All that is needed is an exact copy of the lines from the beginning of the data below through the line containing "折りたたんで卓上ファンとしても◎<br> 角度の調節も可能です!<br><br> ✔首掛け<br>", minus the pictures.

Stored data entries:
=== Begin Enclosure ===
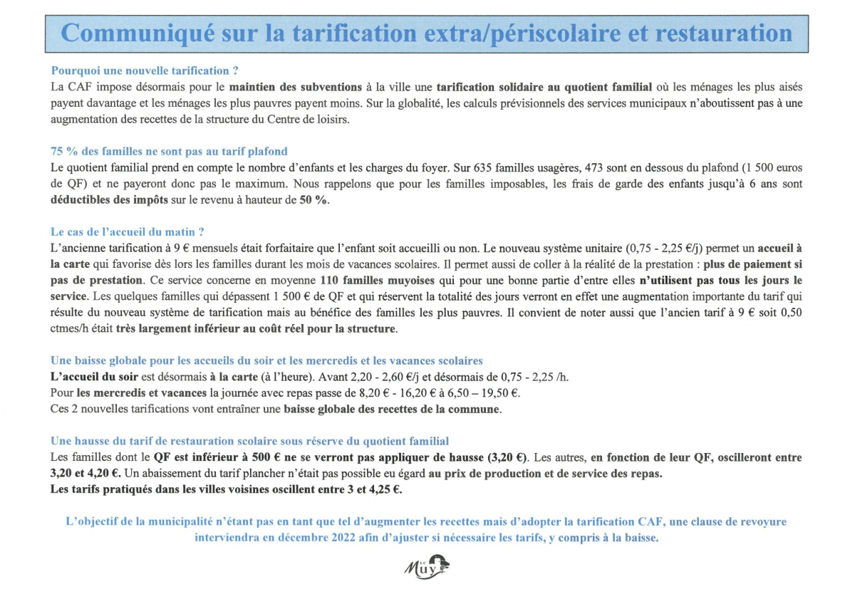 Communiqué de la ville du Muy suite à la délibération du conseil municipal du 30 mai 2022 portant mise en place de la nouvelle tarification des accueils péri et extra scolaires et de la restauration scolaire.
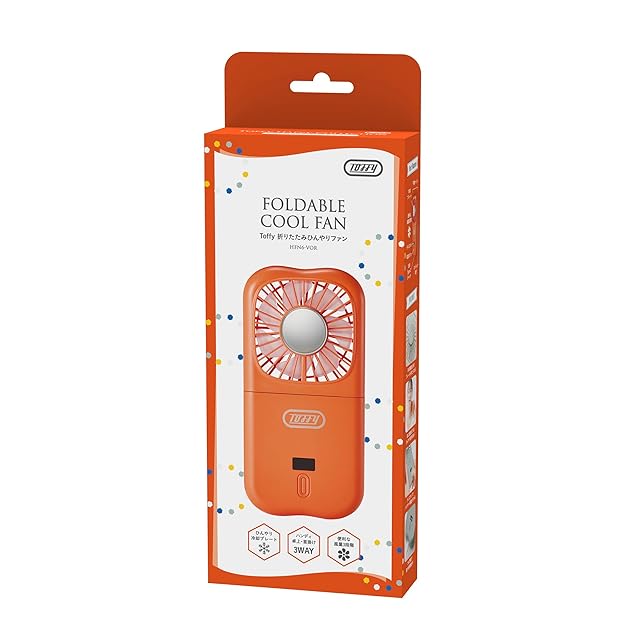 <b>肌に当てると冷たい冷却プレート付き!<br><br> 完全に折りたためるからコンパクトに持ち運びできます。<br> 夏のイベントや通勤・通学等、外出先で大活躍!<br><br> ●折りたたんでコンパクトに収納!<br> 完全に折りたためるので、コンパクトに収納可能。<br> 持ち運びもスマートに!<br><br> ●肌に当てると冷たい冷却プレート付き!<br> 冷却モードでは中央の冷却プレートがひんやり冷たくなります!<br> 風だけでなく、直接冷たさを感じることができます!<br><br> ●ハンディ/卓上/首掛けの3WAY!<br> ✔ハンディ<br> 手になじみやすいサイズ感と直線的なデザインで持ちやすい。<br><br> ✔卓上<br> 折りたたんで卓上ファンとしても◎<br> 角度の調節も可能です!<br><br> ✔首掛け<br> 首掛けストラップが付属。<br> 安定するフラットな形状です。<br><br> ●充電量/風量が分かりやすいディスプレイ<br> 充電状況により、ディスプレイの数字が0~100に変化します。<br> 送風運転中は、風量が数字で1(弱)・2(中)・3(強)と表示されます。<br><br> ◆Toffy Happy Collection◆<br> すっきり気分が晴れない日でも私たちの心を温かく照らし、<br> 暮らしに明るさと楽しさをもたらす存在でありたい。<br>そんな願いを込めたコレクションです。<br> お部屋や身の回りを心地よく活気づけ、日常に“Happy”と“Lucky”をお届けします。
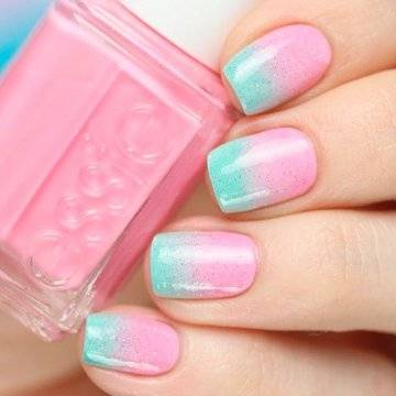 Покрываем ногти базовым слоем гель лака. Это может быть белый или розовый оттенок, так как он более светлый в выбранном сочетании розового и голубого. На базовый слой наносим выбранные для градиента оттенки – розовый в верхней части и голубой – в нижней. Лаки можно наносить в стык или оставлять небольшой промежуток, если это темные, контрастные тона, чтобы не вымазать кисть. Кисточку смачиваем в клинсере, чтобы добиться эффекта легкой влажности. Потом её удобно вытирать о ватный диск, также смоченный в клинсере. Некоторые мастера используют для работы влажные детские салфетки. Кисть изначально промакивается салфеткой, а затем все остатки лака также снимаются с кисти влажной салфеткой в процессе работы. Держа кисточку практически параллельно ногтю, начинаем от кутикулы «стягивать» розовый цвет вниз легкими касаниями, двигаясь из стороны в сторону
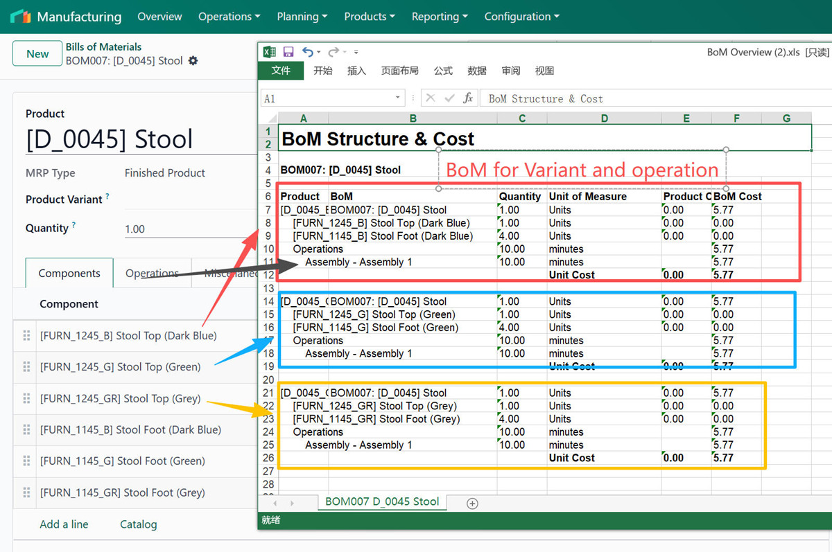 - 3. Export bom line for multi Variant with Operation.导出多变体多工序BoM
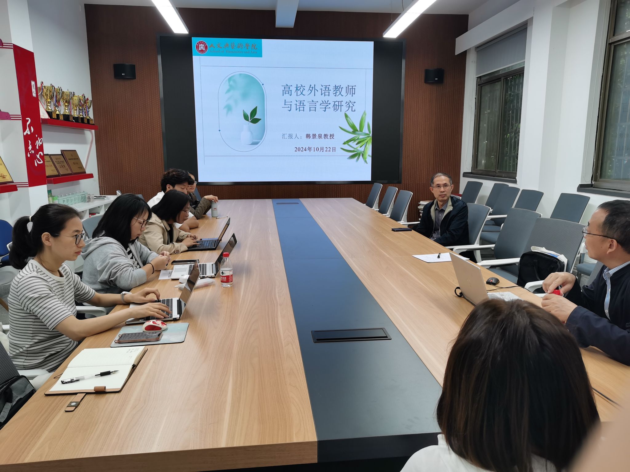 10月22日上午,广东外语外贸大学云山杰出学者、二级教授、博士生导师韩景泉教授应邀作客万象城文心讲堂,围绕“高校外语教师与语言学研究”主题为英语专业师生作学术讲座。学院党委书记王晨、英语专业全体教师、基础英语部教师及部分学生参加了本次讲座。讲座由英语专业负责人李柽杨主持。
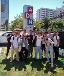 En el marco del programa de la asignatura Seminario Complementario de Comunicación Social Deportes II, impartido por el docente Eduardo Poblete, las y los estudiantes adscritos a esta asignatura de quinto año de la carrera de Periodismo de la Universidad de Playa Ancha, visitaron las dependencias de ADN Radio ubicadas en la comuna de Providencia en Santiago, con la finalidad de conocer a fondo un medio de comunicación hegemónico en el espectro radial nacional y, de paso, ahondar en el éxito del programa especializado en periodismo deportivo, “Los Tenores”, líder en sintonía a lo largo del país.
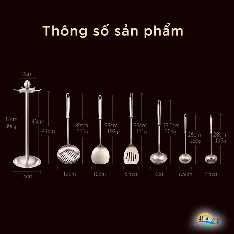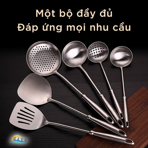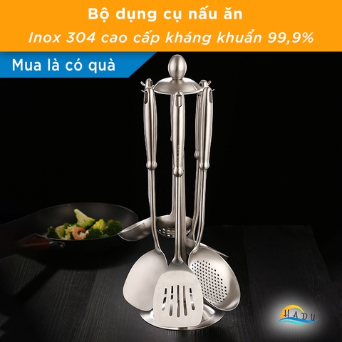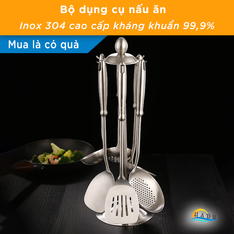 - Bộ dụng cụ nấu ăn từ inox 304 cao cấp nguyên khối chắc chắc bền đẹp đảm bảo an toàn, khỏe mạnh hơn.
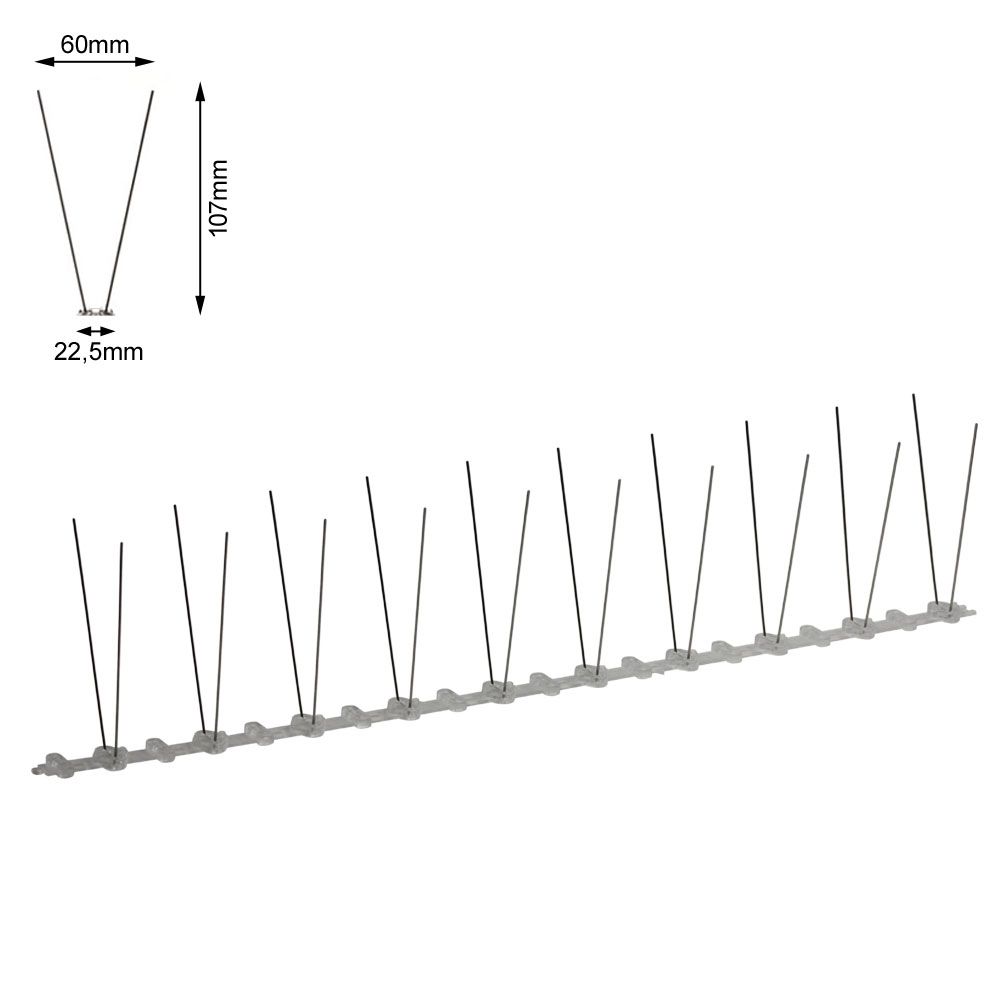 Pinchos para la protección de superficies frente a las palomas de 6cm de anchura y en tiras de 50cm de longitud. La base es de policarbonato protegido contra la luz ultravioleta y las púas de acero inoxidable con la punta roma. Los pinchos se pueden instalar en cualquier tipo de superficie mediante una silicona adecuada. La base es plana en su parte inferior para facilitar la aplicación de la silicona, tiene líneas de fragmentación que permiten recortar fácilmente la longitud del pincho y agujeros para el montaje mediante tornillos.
=== End Enclosure ===
Task output:
 Communiqué de la ville du Muy suite à la délibération du conseil municipal du 30 mai 2022 portant mise en place de la nouvelle tarification des accueils péri et extra scolaires et de la restauration scolaire.
 <b>肌に当てると冷たい冷却プレート付き!<br><br> 完全に折りたためるからコンパクトに持ち運びできます。<br> 夏のイベントや通勤・通学等、外出先で大活躍!<br><br> ●折りたたんでコンパクトに収納!<br> 完全に折りたためるので、コンパクトに収納可能。<br> 持ち運びもスマートに!<br><br> ●肌に当てると冷たい冷却プレート付き!<br> 冷却モードでは中央の冷却プレートがひんやり冷たくなります!<br> 風だけでなく、直接冷たさを感じることができます!<br><br> ●ハンディ/卓上/首掛けの3WAY!<br> ✔ハンディ<br> 手になじみやすいサイズ感と直線的なデザインで持ちやすい。<br><br> ✔卓上<br> 折りたたんで卓上ファンとしても◎<br> 角度の調節も可能です!<br><br> ✔首掛け<br> 首掛けストラップが付属。<br> 安定するフラットな形状です。<br><br> ●充電量/風量が分かりやすいディスプレイ<br> 充電状況により、ディスプレイの数字が0~100に変化します。<br> 送風運転中は、風量が数字で1(弱)・2(中)・3(強)と表示されます。<br><br> ◆Toffy Happy Collection◆<br> すっきり気分が晴れない日でも私たちの心を温かく照らし、<br> 暮らしに明るさと楽しさをもたらす存在でありたい。<br>そんな願いを込めたコレクションです。<br> お部屋や身の回りを心地よく活気づけ、日常に“Happy”と“Lucky”をお届けします。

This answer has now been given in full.